The government of President Sarkozy did not make an official statement, but distanced itself from Debré’s remarks. Solidarity Minister Roselyne Bachelot said that his comments were “unseemly” and “out of line.”
Sofitel—owned by Accor, the largest hotel group in Europe—condemned Debré’s allegations as “defamatory” towards its management. From its Paris offices, it issued a denial: “Sofitel management has put into place strict procedures and a special number open to anybody who wants to bring attention to specific facts and this has been in place for a year… The management has no knowledge of prior assault attempts.”
The financial press also expects that Strauss-Kahn’s arrest will shake the markets, as he played an important role in securing international agreement for contentious bailouts of indebted countries, particularly in the context of the European debt crisis.

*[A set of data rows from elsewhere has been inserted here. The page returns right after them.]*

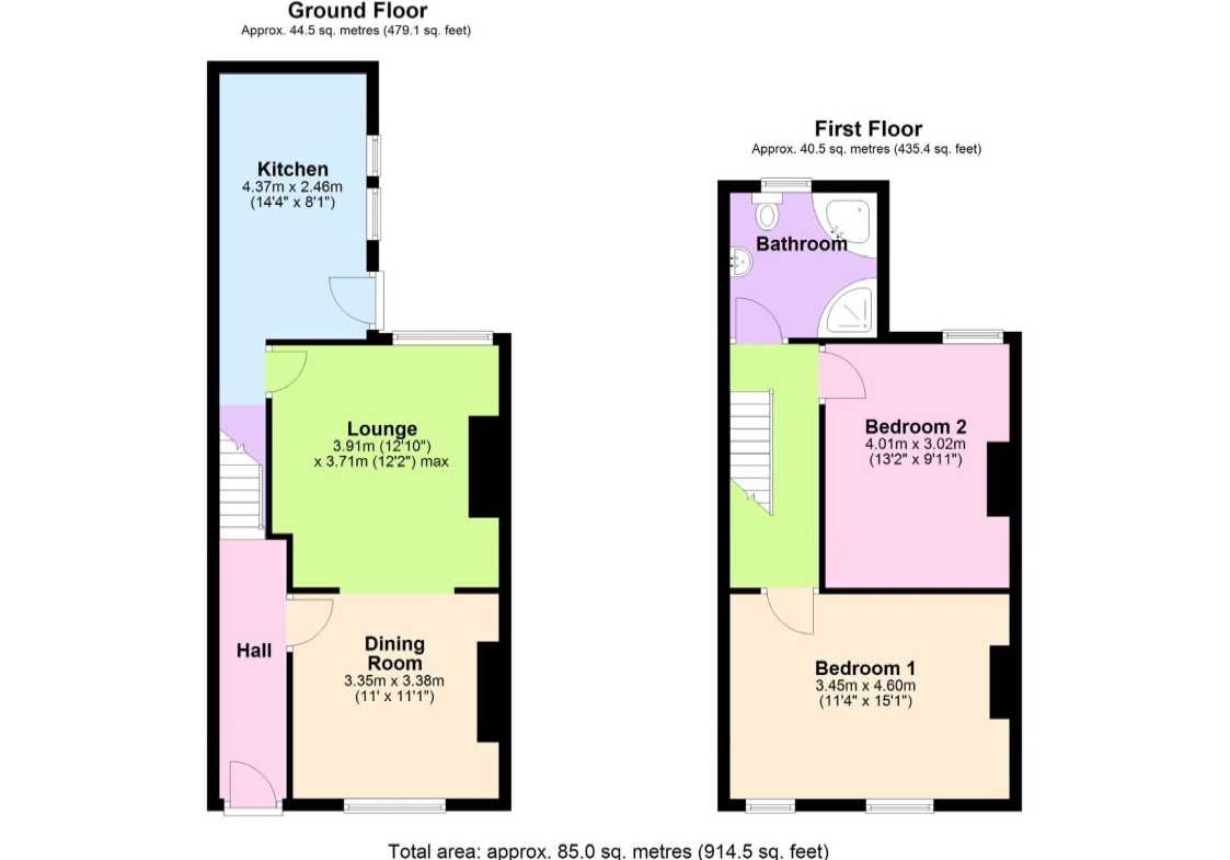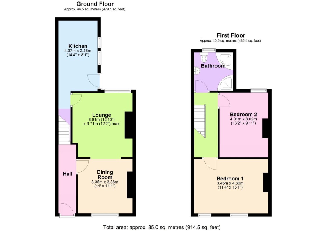 Bedroom 1 – 3.45m x 4.60m (11’4 x 15’1) – Front aspect. Radiator.
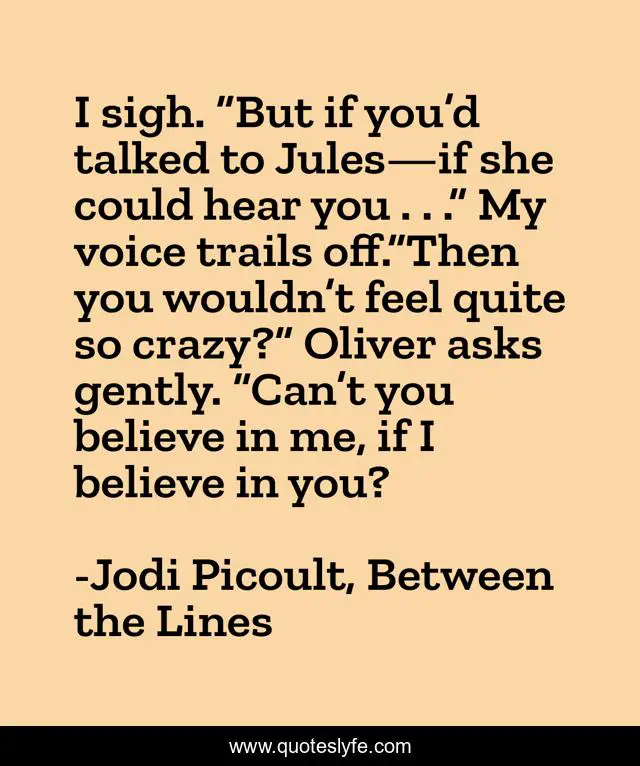 This page presents the quote "I sigh. “But if you’d talked to Jules—if she could hear you . . .” My voice trails off.“Then you wouldn’t feel quite so crazy?” Oliver asks gently. “Can’t you believe in me, if I believe in you?". Author of this quote is Jodi Picoult, Between the Lines. This quote is about oliver, belief, delilah-mcphee, between-the-lines, hearing-voices, truth,.
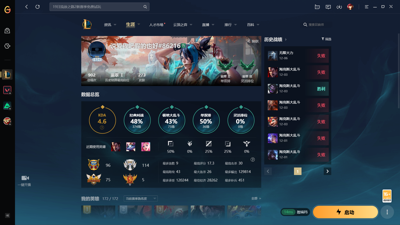 游戏区服:英雄联盟 / 网通 / 恕瑞玛
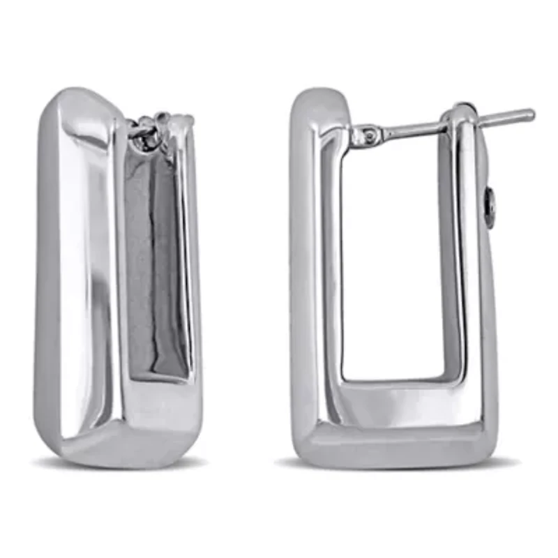 Add a modern edge to your look with these 28 mm square hoop earrings in 14K white gold, featuring a sleek geometric design for contemporary style. The hinge snap closures provide secure, comfortable wear, while the bold square shape offers a fresh twist on classic hoops. Perfect for everyday elegance or layering with other earrings, these hoops combine timeless sophistication with a striking, fashion-forward appeal. 2 Click top closure, Jewelry clasp Polished finish Warranty available, 60 days Italy Imported Product Specifications 8-mm width x 28-mm height Material & Care 14K White Gold Metal, White gold Clean with a soft cloth.
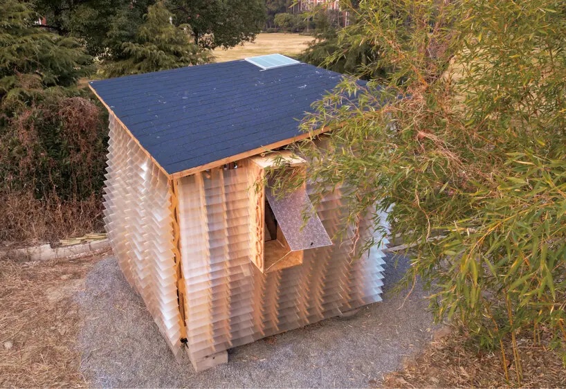 Shaped by both its natural environment and experimental design, the cabin features a translucent acrylic skin that filters soft, ambient light into the space, enhancing the contemplative mood ideal for tea rituals. Inside, a timber frame—optimized through AI-driven design using GAN algorithms—gives structural clarity while adding sculptural elegance. Carefully placed openings create a dialogue with the landscape: a welcoming front door connects to a nearby path, and a large bay window on the south side frames the surrounding bamboo grove like a living painting.
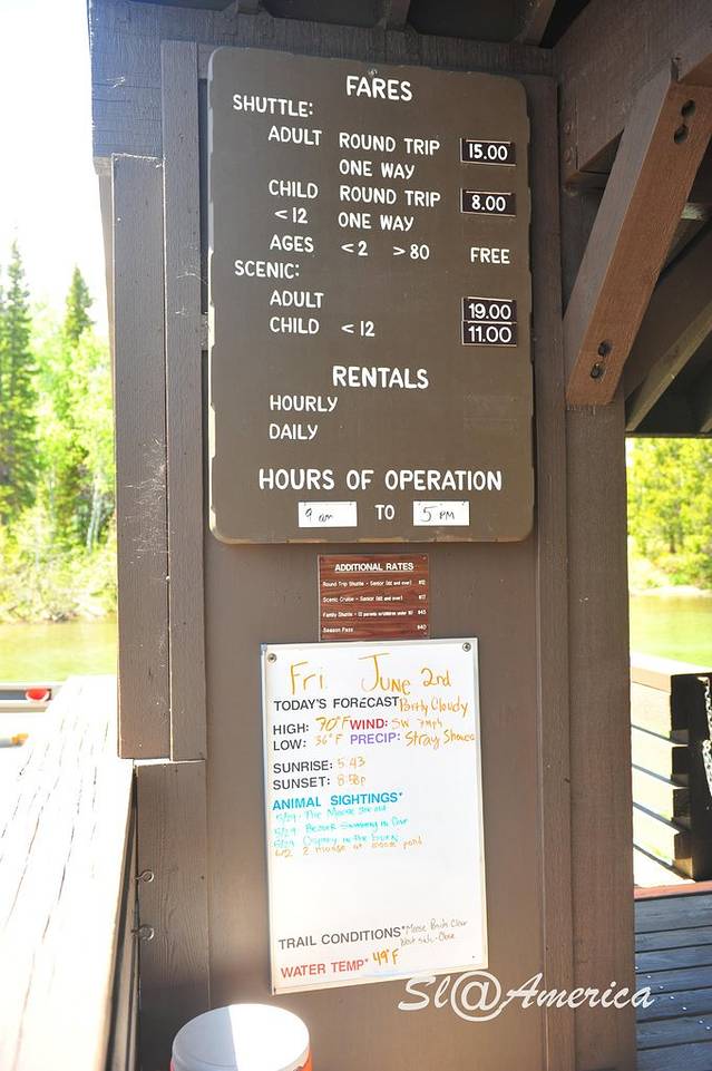 走到码头,可以在前台咨询当然的游船情况和徒步的线路,游船的项目主要分为半个小时和1个小时的游览线路,由于Inspiration Point和Hiden Fall等知名景点都关闭了,因此当天也没有专门Shuttle Boat可以做,因此要去这俩个地方的朋友,最好晚一些时间来,貌似这些地方只有夏季才可以进入。
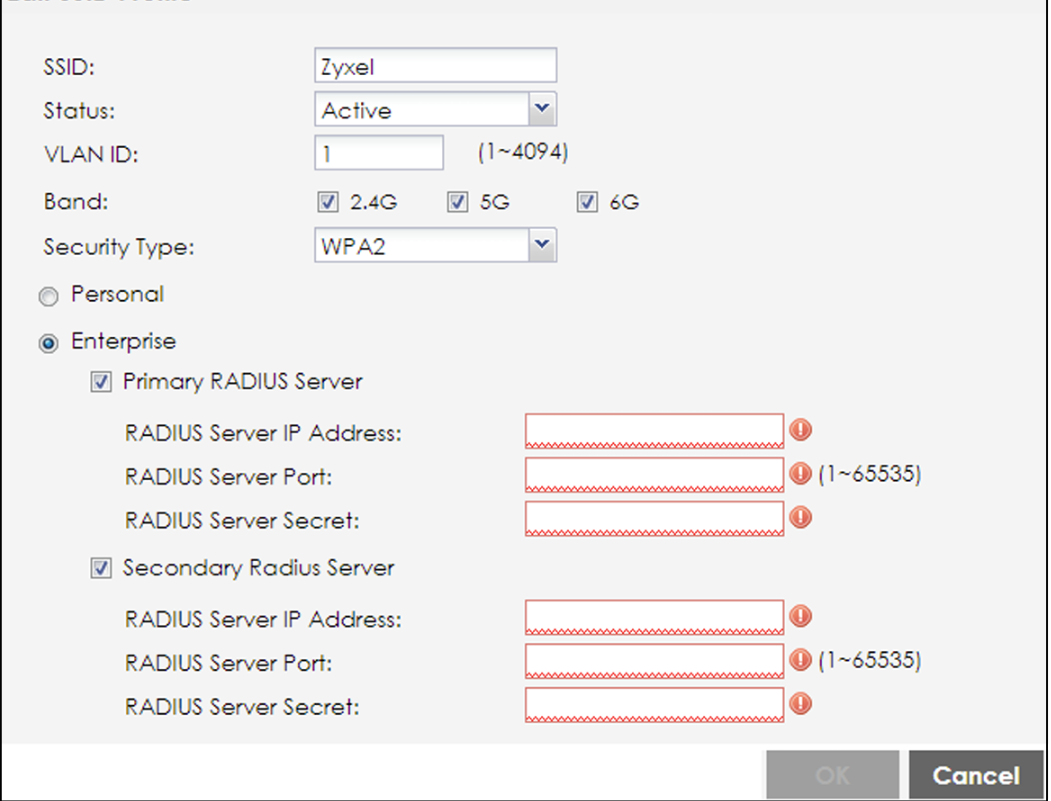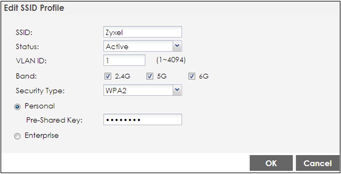 Use this screen to enable, disable or edit an SSID profile. An SSID profile is a configuration template for SSID (Service Set IDentifier). It allows you to configure the SSID settings such as WiFi network name, VLAN ID, frequency band and security. You can configure multiple SSID profiles to provide different network access for various user groups.

The terms of the €78 billion loan to Portugal—in exchange for deep cuts in pensions, wages and health care spending—have reportedly been agreed upon. However, there are continuing debates over whether to extend further loans to Greece, where spending cuts have sent the country into an economic tailspin and prevented it from repaying its debts.
Strauss-Kahn reportedly helped smooth over the deep divisions within Europe. One European official told the Financial Times: “He showed himself to be a good manager at the IMF during the financial crisis by winning backing for his convictions and getting people to agree. This is not at all a trivial affair.”
Before his arrest, Strauss-Kahn planned to travel to Berlin to meet with German Chancellor Angela Merkel, who has previously opposed the bailouts, preferring instead to push countries towards default.